# [Problem to work on]
The full listing, copied exactly and free of pictures, is the expected reply.

# [Listed records]

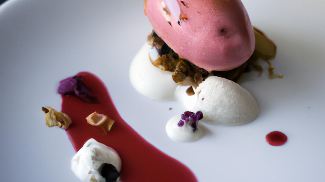 Petit entremets composé d'un biscuit cuiller punché à la crème de cassis, d'une mousse au cassis et d'un palet gélifié au cassis, accompagné d'une glace aux pains d'épices et d'un coulis de vin rouge.
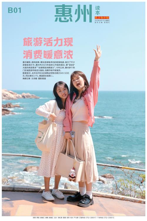 春日暖阳,微风轻拂,惠东县海龟湾内的观海栈道,吸引了不少游客前来打卡。惠州市2023年政府工作报告提出,要“坚定扩大国内有效需求”“全面释放消费潜力”。今年以来,惠州多个热门区域旅游市场活力强劲,
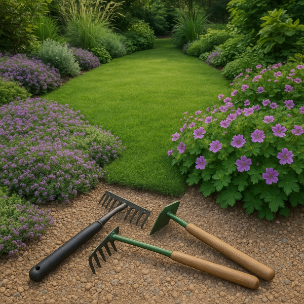 Un désherbeur thermique, une binette et un rùteau à gravier sont essentiels pour maintenir un jardin propre.
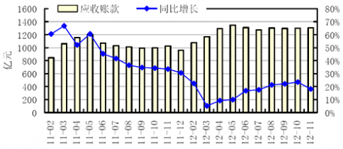 2012年以來,工程機械市場競爭加劇,主要企業(yè)紛紛加大促銷力度,延期付款、低首付、零首付、有買有贈的營銷策略頻繁被采用,導致行業(yè)應收賬款規(guī)模不斷擴大,回款壓力加大。為此,主要企業(yè)逐步控制信用銷售規(guī)模,并采取了一定措施來抑制應收賬款的擴大,如三一重工和徐工機械均采取了無追索權(quán)保理等手段來減少壞賬,9月以來行業(yè)應收賬款規(guī)模未繼續(xù)擴大。截至11月末,行業(yè)應收賬款余額1305.12億元,同比增長18.14%,應收賬款規(guī)模維持高位,達到1~11月行業(yè)主營業(yè)務收入的25%左右。
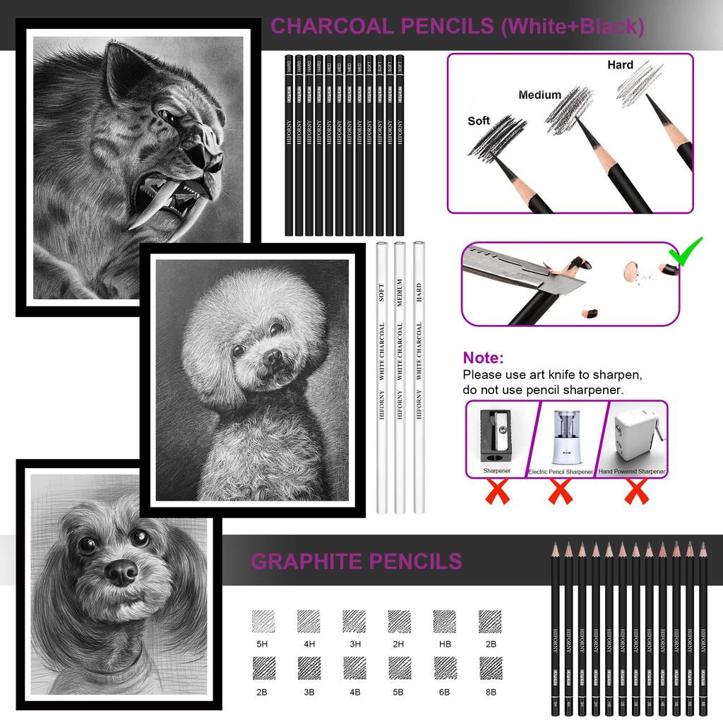 【Полный набор инструментов для рисования】Набор для рисования HIFORNY из 136 предметов включает 9 профессиональных карандашей для рисования, позволяющих экспериментировать с различными стилями рисования. В этот набор входят 12 угольных карандашей, 12 графитовых карандашей, 24 цветных карандаша Black Edition, 24 акварельных цветных карандаша, 12 цветных карандашей с металлическим эффектом, 3 белых угольных карандаша, 2 цельнографитовых карандаша, 1 бесцветный карандаш-блендер и 1 карандаш-ластик с кистью. Каждый карандаш промаркирован своим названием и моделью и идеально подходит для рисования, эскизов, раскрашивания, наложения слоев, растушевки и многого другого.
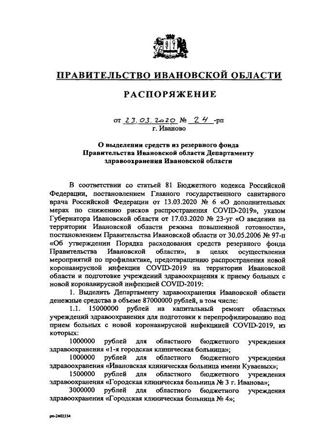 Распоряжение Правительства Ивановской области от 23.03.2020 N 24-рп "О выделении средств из резервного фонда Правительства Ивановской области Департаменту здравоохранения Ивановской области"

# [Expected answer]
 Petit entremets composé d'un biscuit cuiller punché à la crème de cassis, d'une mousse au cassis et d'un palet gélifié au cassis, accompagné d'une glace aux pains d'épices et d'un coulis de vin rouge.
 春日暖阳,微风轻拂,惠东县海龟湾内的观海栈道,吸引了不少游客前来打卡。惠州市2023年政府工作报告提出,要“坚定扩大国内有效需求”“全面释放消费潜力”。今年以来,惠州多个热门区域旅游市场活力强劲,
 Un désherbeur thermique, une binette et un rùteau à gravier sont essentiels pour maintenir un jardin propre.
 2012年以來,工程機械市場競爭加劇,主要企業(yè)紛紛加大促銷力度,延期付款、低首付、零首付、有買有贈的營銷策略頻繁被采用,導致行業(yè)應收賬款規(guī)模不斷擴大,回款壓力加大。為此,主要企業(yè)逐步控制信用銷售規(guī)模,并采取了一定措施來抑制應收賬款的擴大,如三一重工和徐工機械均采取了無追索權(quán)保理等手段來減少壞賬,9月以來行業(yè)應收賬款規(guī)模未繼續(xù)擴大。截至11月末,行業(yè)應收賬款余額1305.12億元,同比增長18.14%,應收賬款規(guī)模維持高位,達到1~11月行業(yè)主營業(yè)務收入的25%左右。
 【Полный набор инструментов для рисования】Набор для рисования HIFORNY из 136 предметов включает 9 профессиональных карандашей для рисования, позволяющих экспериментировать с различными стилями рисования. В этот набор входят 12 угольных карандашей, 12 графитовых карандашей, 24 цветных карандаша Black Edition, 24 акварельных цветных карандаша, 12 цветных карандашей с металлическим эффектом, 3 белых угольных карандаша, 2 цельнографитовых карандаша, 1 бесцветный карандаш-блендер и 1 карандаш-ластик с кистью. Каждый карандаш промаркирован своим названием и моделью и идеально подходит для рисования, эскизов, раскрашивания, наложения слоев, растушевки и многого другого.
 Распоряжение Правительства Ивановской области от 23.03.2020 N 24-рп "О выделении средств из резервного фонда Правительства Ивановской области Департаменту здравоохранения Ивановской области"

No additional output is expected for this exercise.